**The task:**
Please output the listing below character for character and omit the images.
Segment Start: Stored data
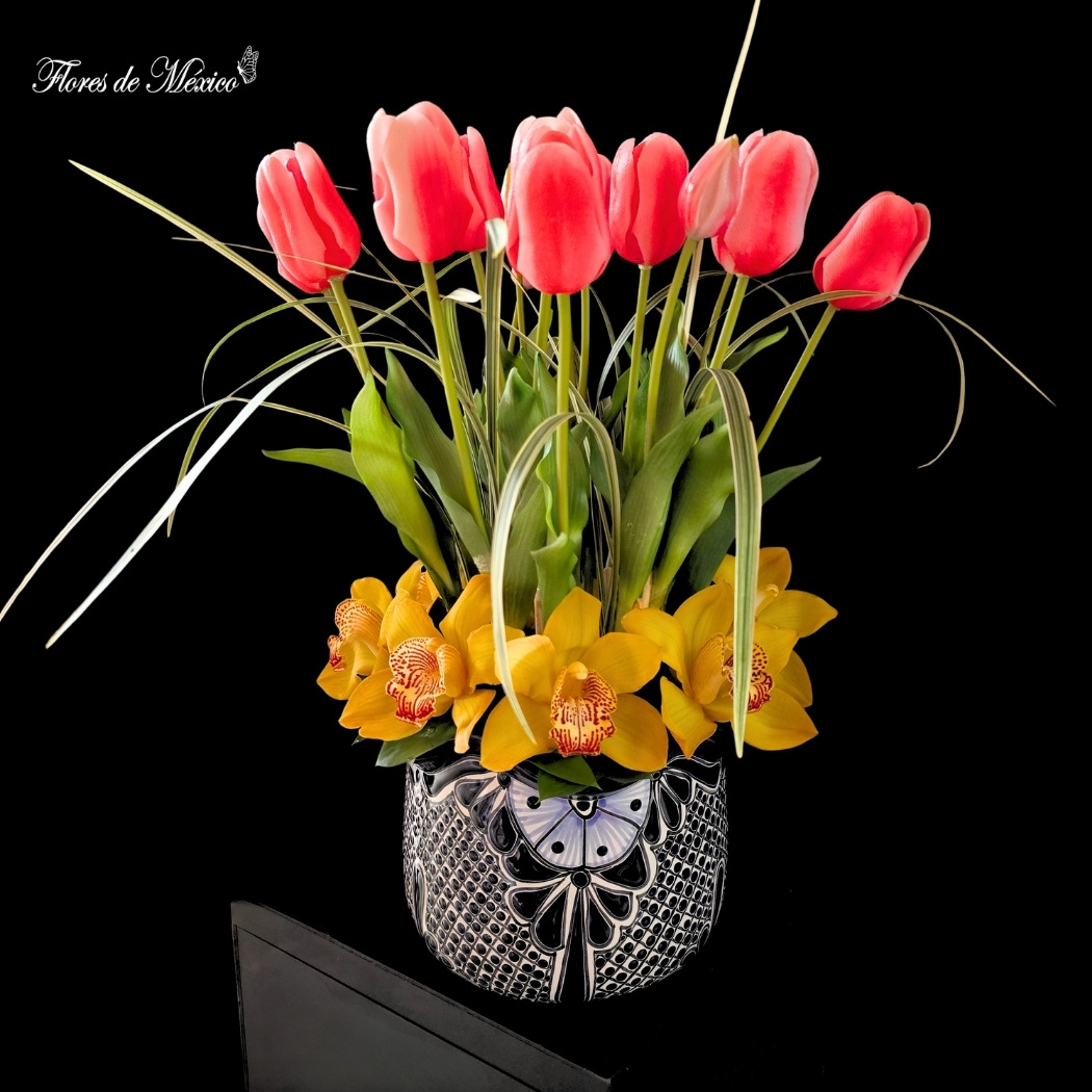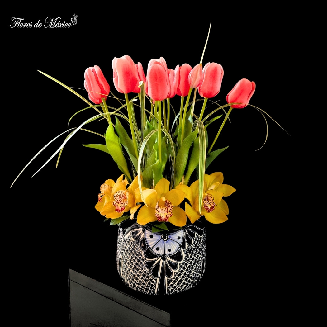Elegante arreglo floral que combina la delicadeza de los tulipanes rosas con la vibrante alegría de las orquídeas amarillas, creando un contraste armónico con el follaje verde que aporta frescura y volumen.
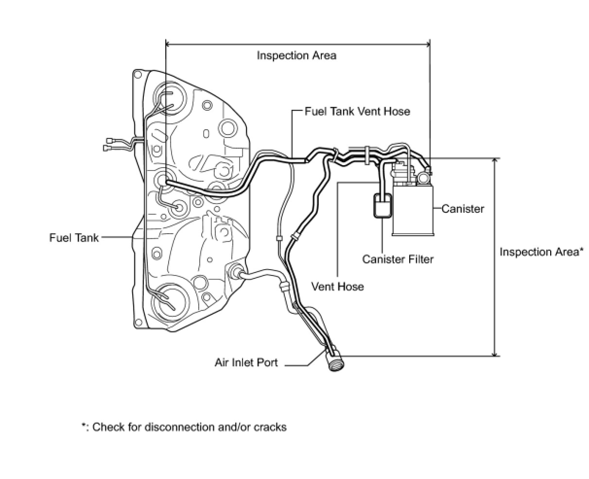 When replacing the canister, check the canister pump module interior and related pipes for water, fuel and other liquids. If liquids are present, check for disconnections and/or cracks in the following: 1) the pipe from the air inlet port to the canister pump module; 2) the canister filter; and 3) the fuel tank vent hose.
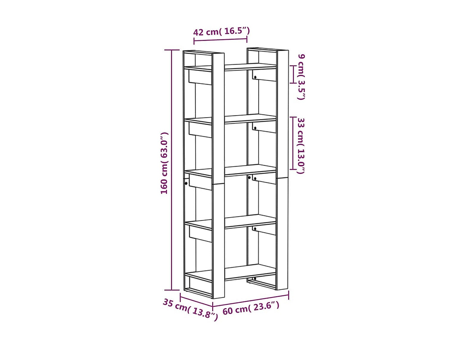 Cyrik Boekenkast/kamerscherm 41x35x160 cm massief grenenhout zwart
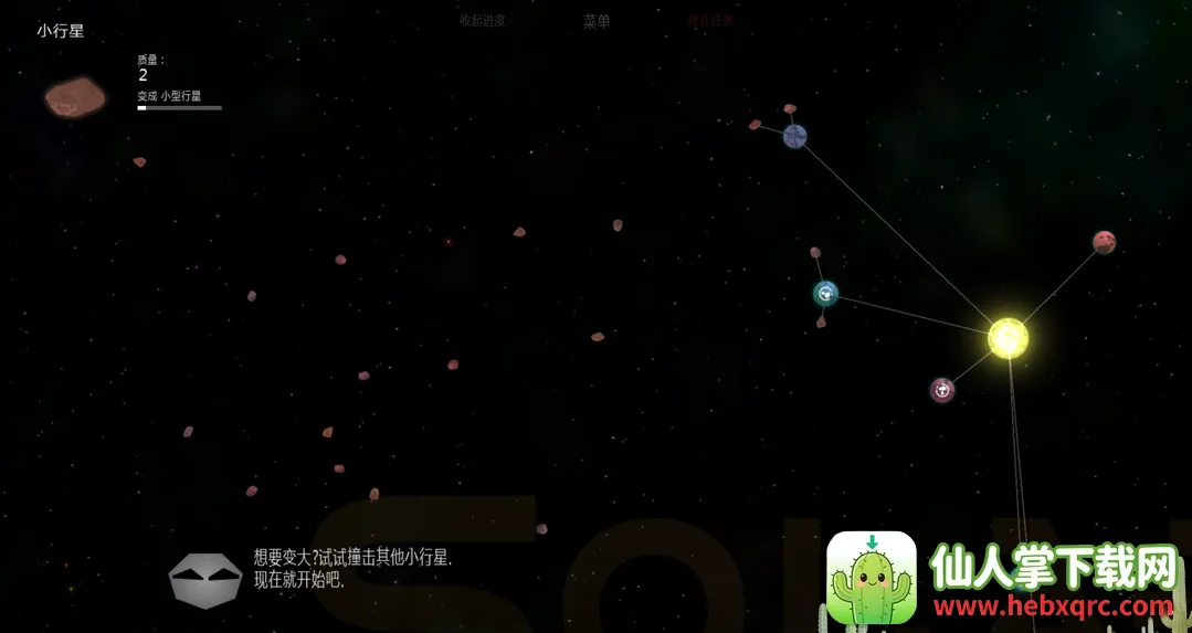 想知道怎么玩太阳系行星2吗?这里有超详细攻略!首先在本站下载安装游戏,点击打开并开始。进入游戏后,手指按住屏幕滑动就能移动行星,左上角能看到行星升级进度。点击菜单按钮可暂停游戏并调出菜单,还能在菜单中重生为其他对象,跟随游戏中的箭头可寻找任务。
Segment End: Stored data
**Solution for this problem:**
Elegante arreglo floral que combina la delicadeza de los tulipanes rosas con la vibrante alegría de las orquídeas amarillas, creando un contraste armónico con el follaje verde que aporta frescura y volumen.
 When replacing the canister, check the canister pump module interior and related pipes for water, fuel and other liquids. If liquids are present, check for disconnections and/or cracks in the following: 1) the pipe from the air inlet port to the canister pump module; 2) the canister filter; and 3) the fuel tank vent hose.
 Cyrik Boekenkast/kamerscherm 41x35x160 cm massief grenenhout zwart
 想知道怎么玩太阳系行星2吗?这里有超详细攻略!首先在本站下载安装游戏,点击打开并开始。进入游戏后,手指按住屏幕滑动就能移动行星,左上角能看到行星升级进度。点击菜单按钮可暂停游戏并调出菜单,还能在菜单中重生为其他对象,跟随游戏中的箭头可寻找任务。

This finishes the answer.